→ **Provided records**
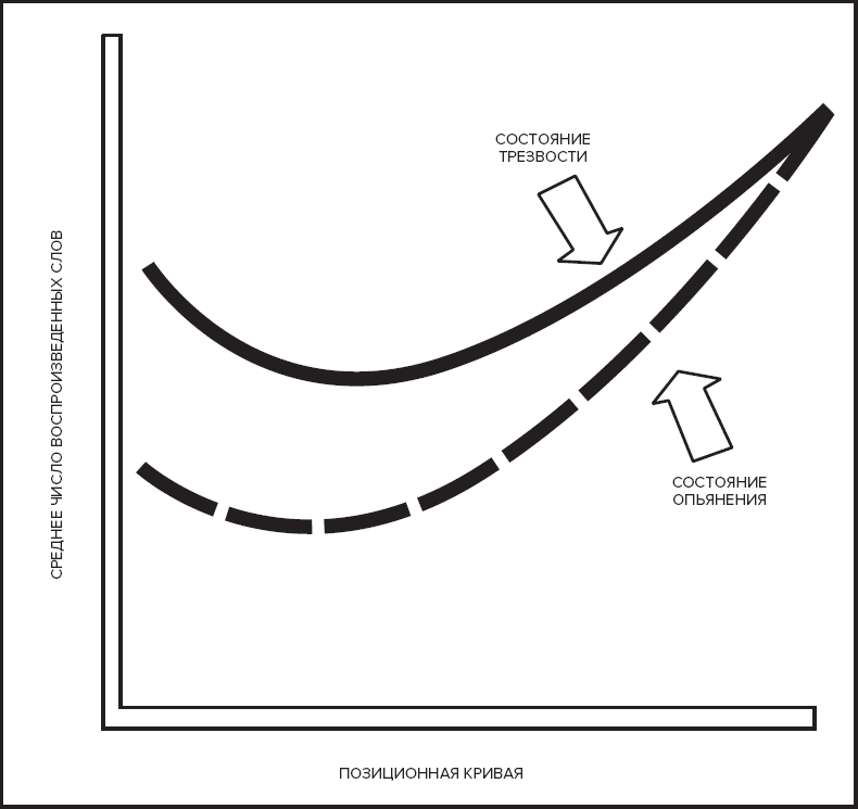 Определенный интерес представляет вопрос о том, влияет ли алкоголь каким-либо образом на форму позиционной кривой. Напомним, что если вам необходимо выучить список предметов, как правило, легче всего запоминаются первые и последние пункты. Ряд исследователей поставили перед собой задачу выяснить, работает ли этот принцип, когда человек находится в состоянии алкогольного опьянения.[64]
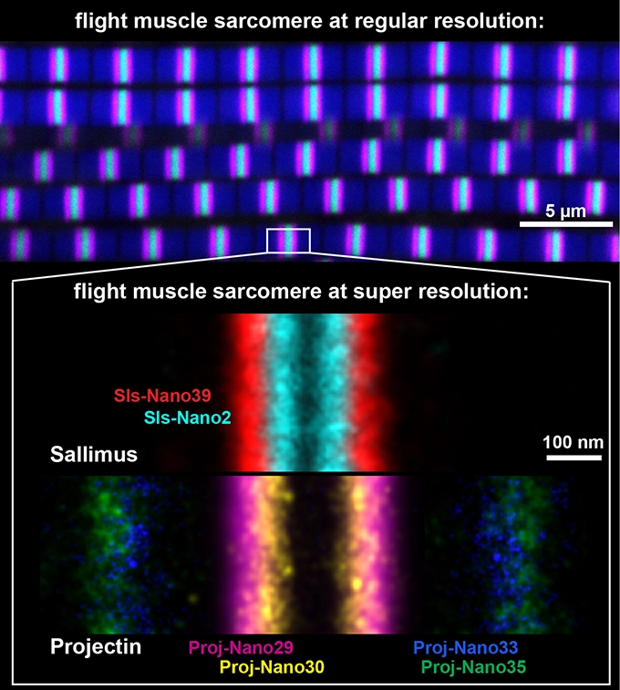 Drosophila sarcomeres visualised at super-resolution with the help of nanobodies and single molecule blinks.
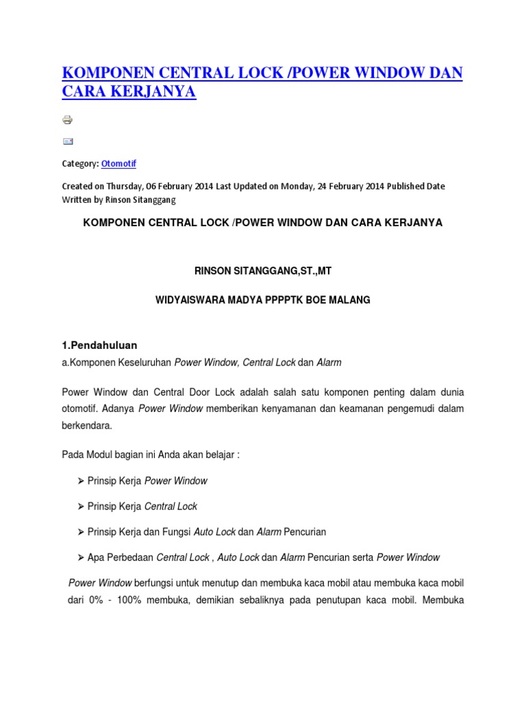 Terasa suatu kepuasan yang sukar unutuk dinyatakan. A tranter automobile electrical electronic systems 2. Berisi rangkaian elektronik yang mengatur agar lock actuator hanya bekerja diberi tegangan listrik hanya sekitar 1 2detik saja untuk membuka atau menutup. Central lock module adalah unit utama yang mengatur mengontrol seluruh lock actuator.
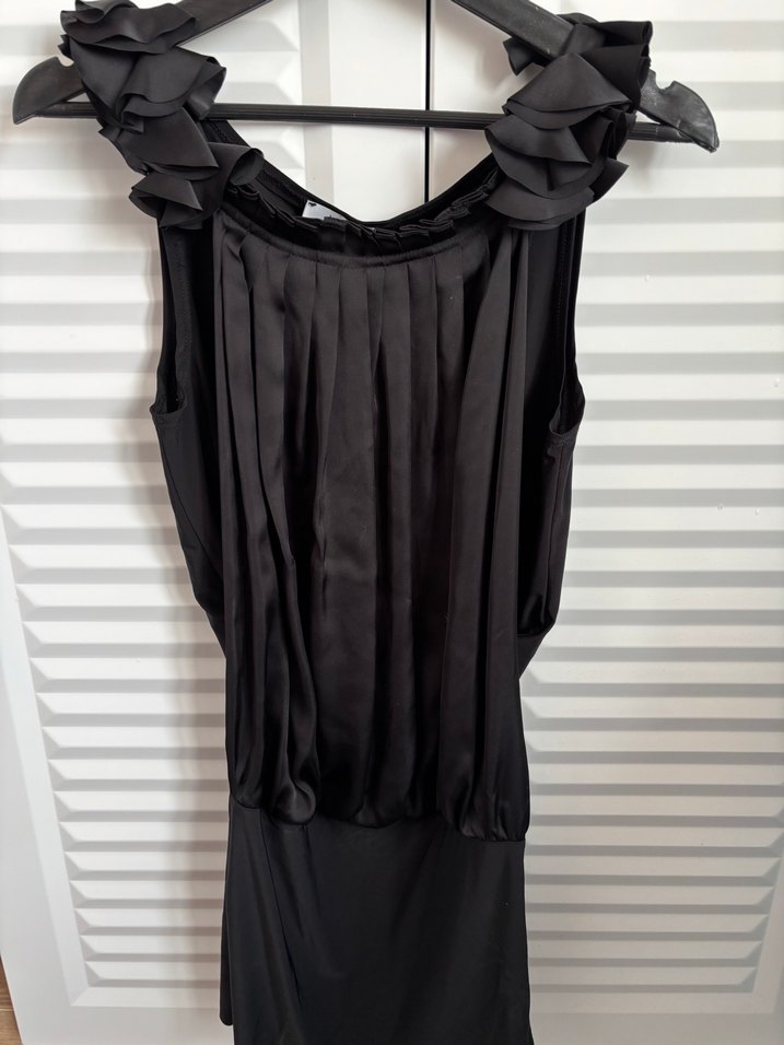 Siyah, v yaka ve fırfırlı askılara sahip, dar kesim midi elbise. Düz ve desen içermeyen tasarımıyla ofis için uygun, gotik tarzda.s/m
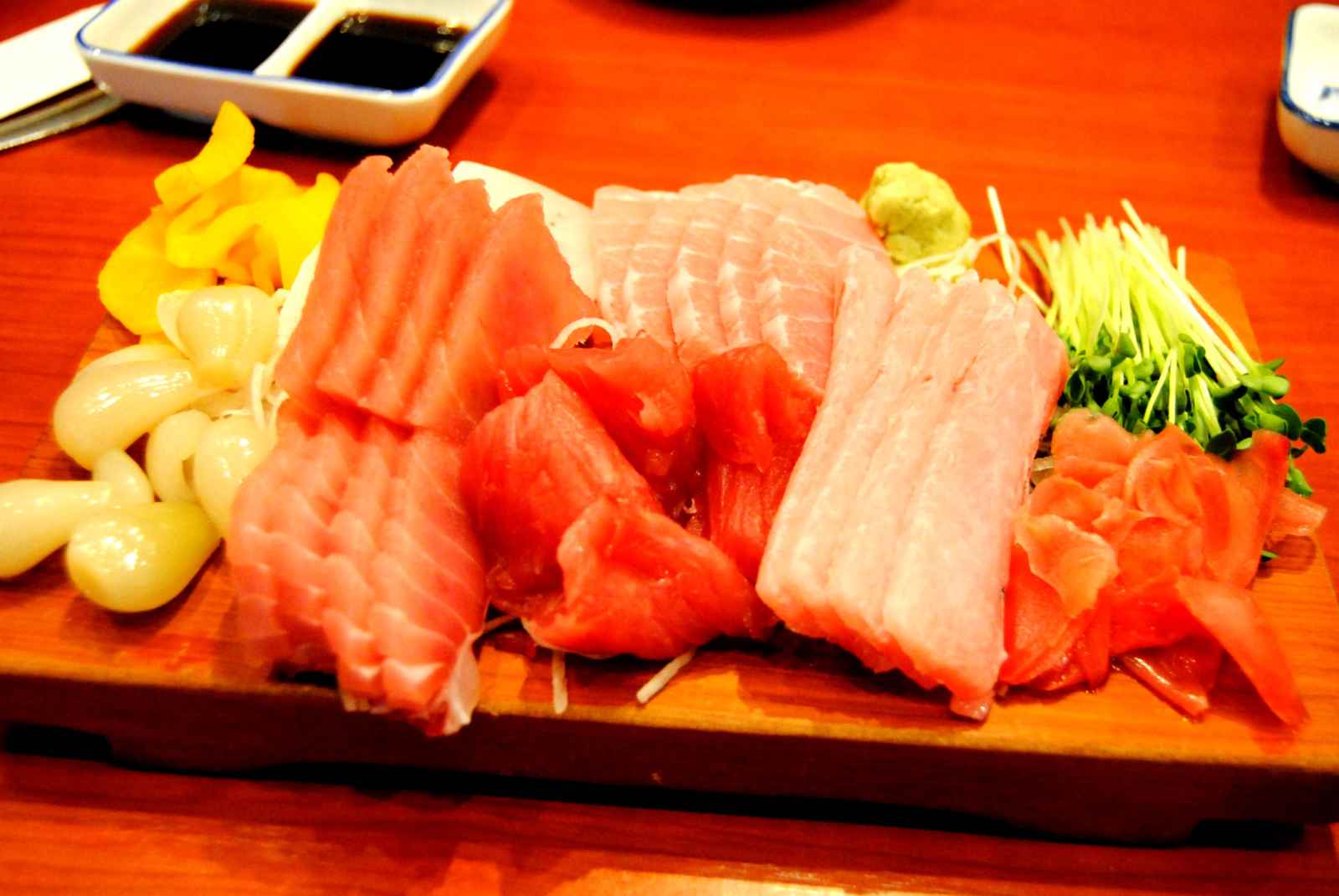 Aproveitando a proximidade com o Japão, nos deliciamos com sahismis de salmão para comemorar nossa visita ao país.
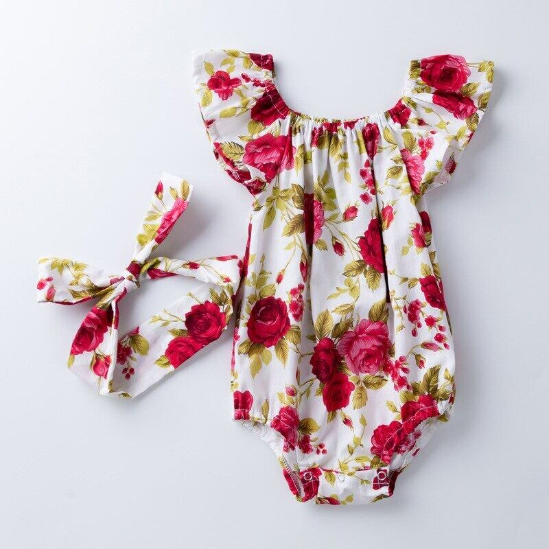 新作 夏かわいい花柄ロンパース 2 個女の赤ちゃん服ジャンプスーツロンパース + ヘッドバンド 3 6 9 12 18 メートル幼児幼児ボディスーツ新生児衣装
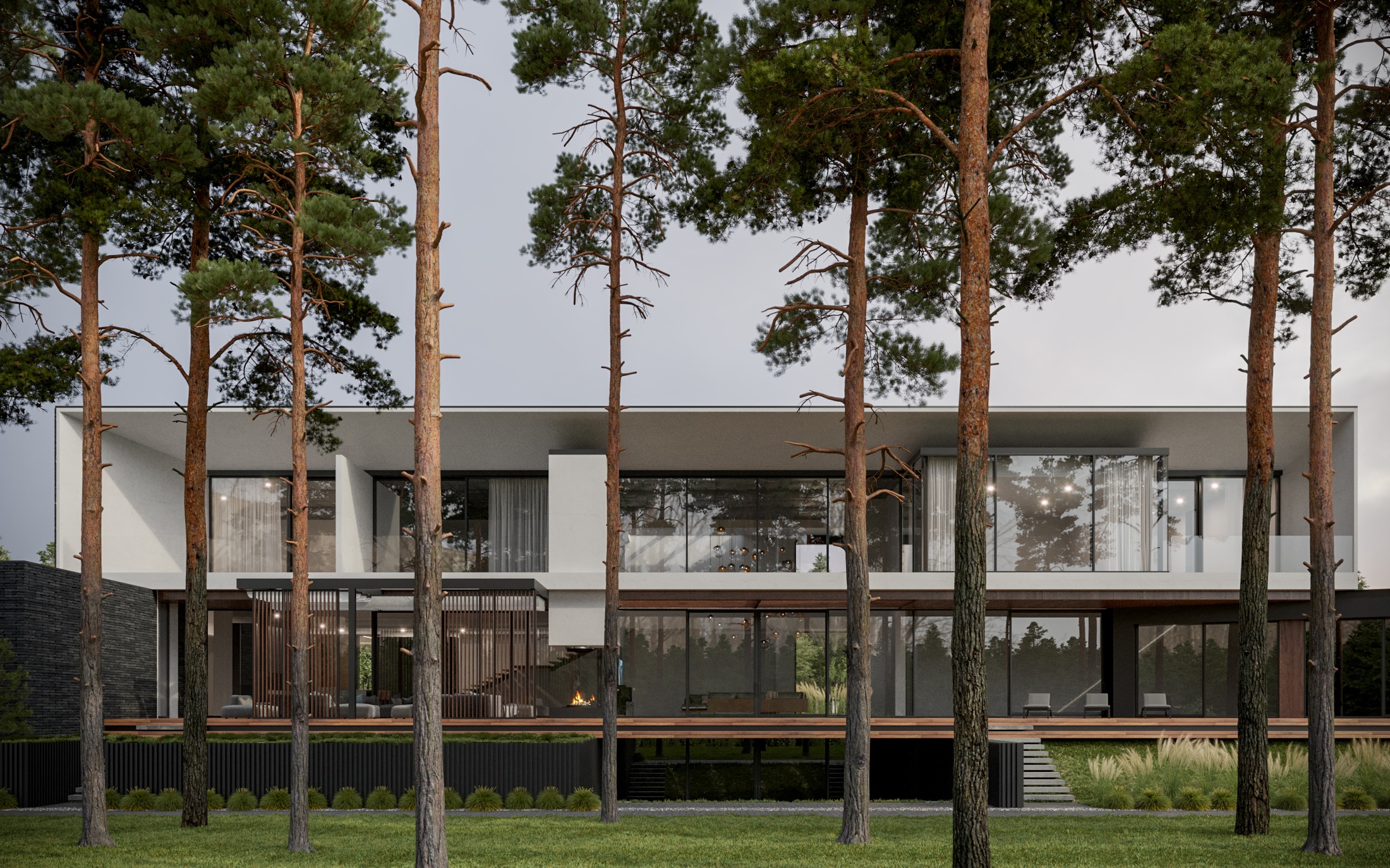 Проект этого дома разрабатывается комплексно, вместе с дизайн-проектом интерьера, что позволяет учесть любые пожелания к организации внутреннего пространства на стадии расчетов каркаса и выжать максимум из прекрасных видов. открывающихся с территории участка.
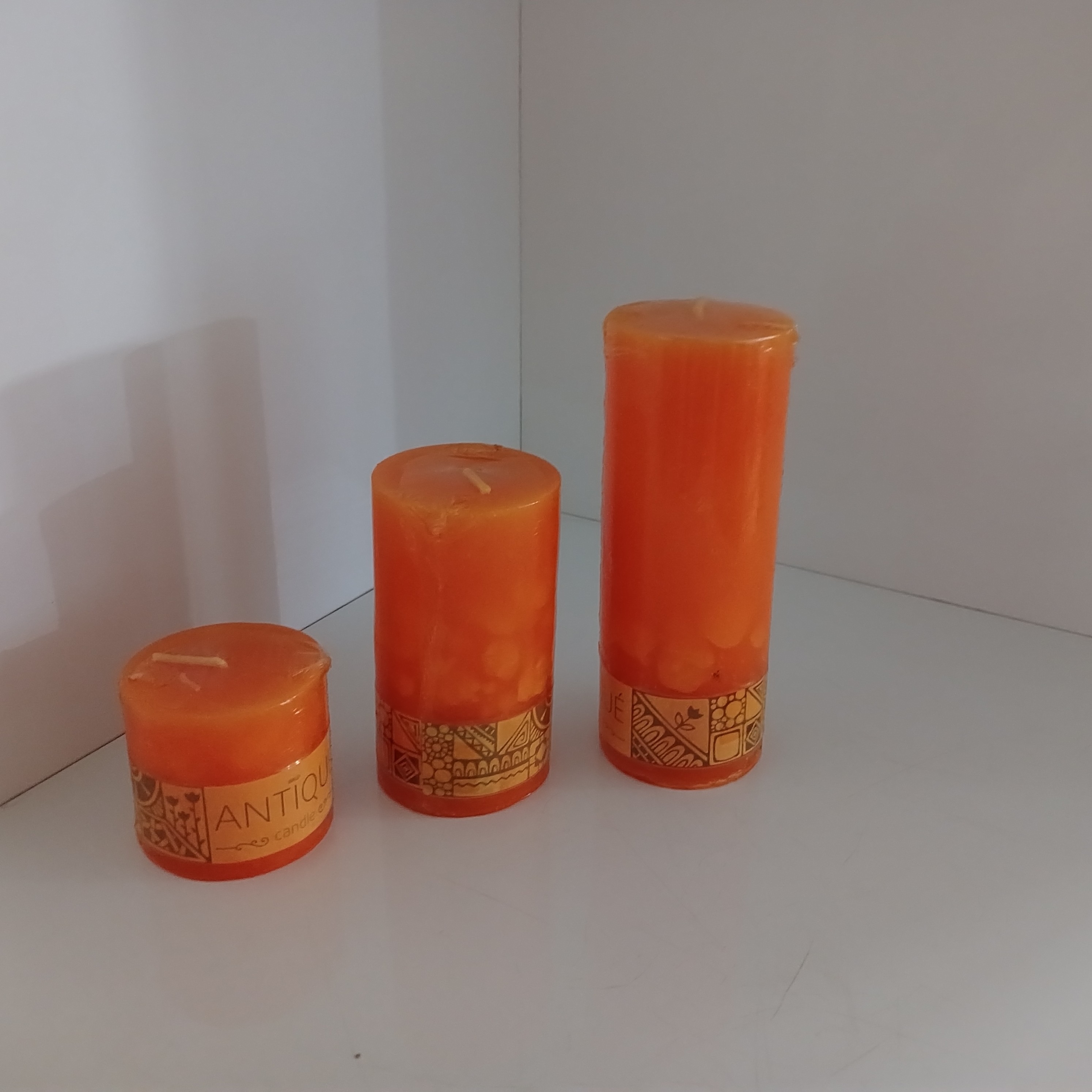 شمع استولنه ای مدل سه تایی رنگ نارنجی اندازه شمع ها به ترتیب: ۱۵ _۱۰_۵ سانتی متر قطر : ۵ سانتی متر
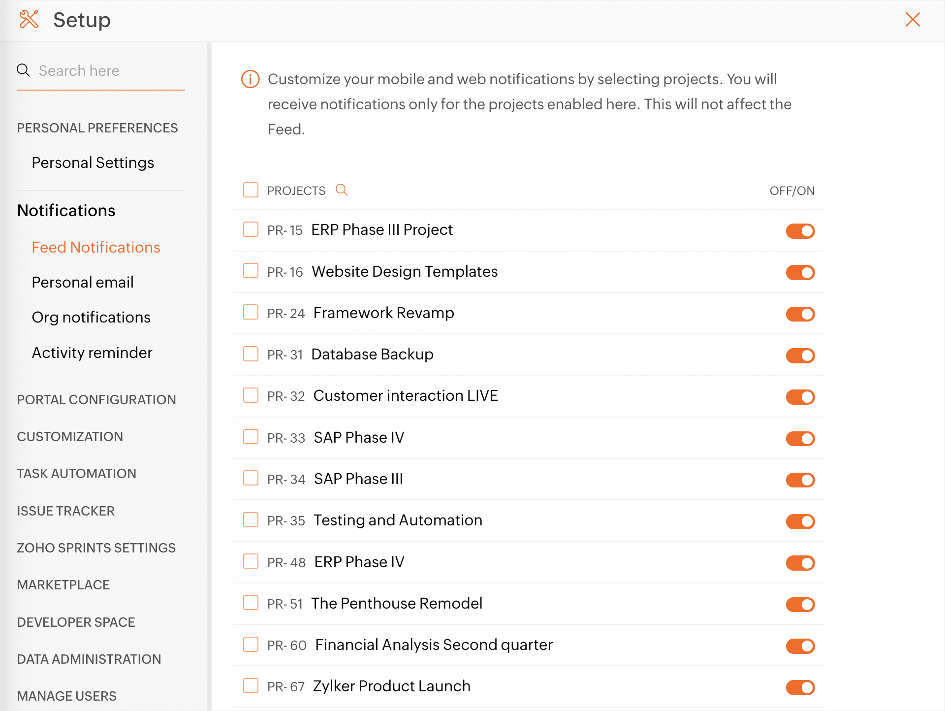 Control the web and mobile notifications in Zoho Projects. Select projects to receive specific notifications and reduce clutter.

→ **What is required**
Look through the listing above for the line with "Aproveitando a proximidade" and the line with "新作 夏かわいい花柄ロンパース 2". Write out exactly those lines and everything between, leaving out pictures.

→ **Reply**
 Aproveitando a proximidade com o Japão, nos deliciamos com sahismis de salmão para comemorar nossa visita ao país.
 新作 夏かわいい花柄ロンパース 2 個女の赤ちゃん服ジャンプスーツロンパース + ヘッドバンド 3 6 9 12 18 メートル幼児幼児ボディスーツ新生児衣装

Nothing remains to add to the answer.